The Modern Substation Automation system (SA) is an open system. On station level the Ethernet or other high-speed station bus (e.g. LON) allows the integration of any equipment conforming to these standards. The basic configuration of a modern homogeneous SA system and its various components are illustrated in Figure 2. The system consists of a bay level, a station level, and an interconnecting communication medium, the Station-bus.


Figure 2. The structure of a typical substation automation system with substation control SCS and a remote gateway to Regional Control Centre (RCC)



The homogeneous SA system concept is based on achieving a very high reliability due to the decentralized solution and homogeneous IED and database structure. Different bays are independent and communicate to the Station HMI system and to the remote control at the Regional Control Centre (RCC) through the Station bus and a communication Gateway.

Security is achieved since equipment failure will never be allowed to cause loss of more than the defective device and the key components of the communication of the Station bus, are provided with duplicated auxiliary power supplies and independent interface cards for three nodes each (normally these nodes are modules from the same bay).

In this way a high reliability and availability is achieved without duplication of components. Reliability can be improved even further by the introduction of an emergency control of essential apparatus through the protection terminals using integral bay control and display capabilities.

A high flexibility for future expansion is achieved as the system is open for the addition of new and different types of existing modules depending on the need.
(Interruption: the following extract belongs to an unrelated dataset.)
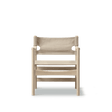 Canvas 21 forener klassisk elegance med afslappet ro. Tegnet af Børge Mogensen i 1968 og opbygget som en enkel, ærlig konstruktion, der tydeligt afspejler Mogensens præcise proportioner. Stolen er i FSC-certificeret massiv eg, sæbebehandlet for et lyst og naturligt udtryk, kombineret med naturfarvet canvas i sæde og ryg samt beslag i massiv messing – materialer, der udvikler en sofistikeret patina over tid. En alsidig loungeklassiker, hvis rene linjer harmonerer med ethvert rum.
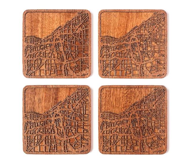 Barware S4 Wood Cle Coasters 4x4H Brown

It also allows for different levels of redundancy as required due to voltage level, station size and location.

Station Bus
The fast Station bus of the system (Fig. 2) utilizes a plastic or glass fiber-optic physical medium using industry standard secure connectors although plastic fibers can be used when distances and configuration requirement permit. Each bay unit (control or protection) has its own optical node within a star configuration. The star configuration has been selected to allow supervision of each individual node.

The new standard IEC 61850-9-1 is an open bus based on MMS over Ethernet and includes important functions such as peer-to-peer communication and transfer of time stamped messages. Speeds of 10 or 100 MBit/s can be realized today with 1GBit/s or greater capabilities anticipated in the future.

The existing LON bus has a transfer rate of 1.25 MBit/s. The maximum application-to-application transmission time for selected high-priority signals is less than 50 ms for units with LON interface. Hence, the time-critical signals for station interlocking can be sent across this bus. The security is further increased with a software reservation principle enabling real-time capabilities.

The star coupler in LON solution can be equipped with up to 25 fiber-optical ports with any combination of glass fibers, plastic fibers and electrical signals.

Time Synchronizing
Time synchronizing is an important part of a modern substation automation system. All occurring signals are time stamped on the lowest level when the signal occurs and the signals are sent with a “time-stamp” through the system. Synchronizing is provided using a GPS (Global positioning system) clock which sends signals to all connected IED’s through the communication bus and as a result only one time-signal connection to the system is required, realizing considerable installation cost savings. The software time synchronizing uses an advanced algorithm to adjust the clock so that accuracy is maintained independent of station bus loading.

Redundancy Concept
The decentralized solution can use single or redundant bay controllers and bay protection giving a high level of independence and reliability. The bay modules communicate via the star coupler in a star configuration preventing any potential problems in one bay from affecting other bays.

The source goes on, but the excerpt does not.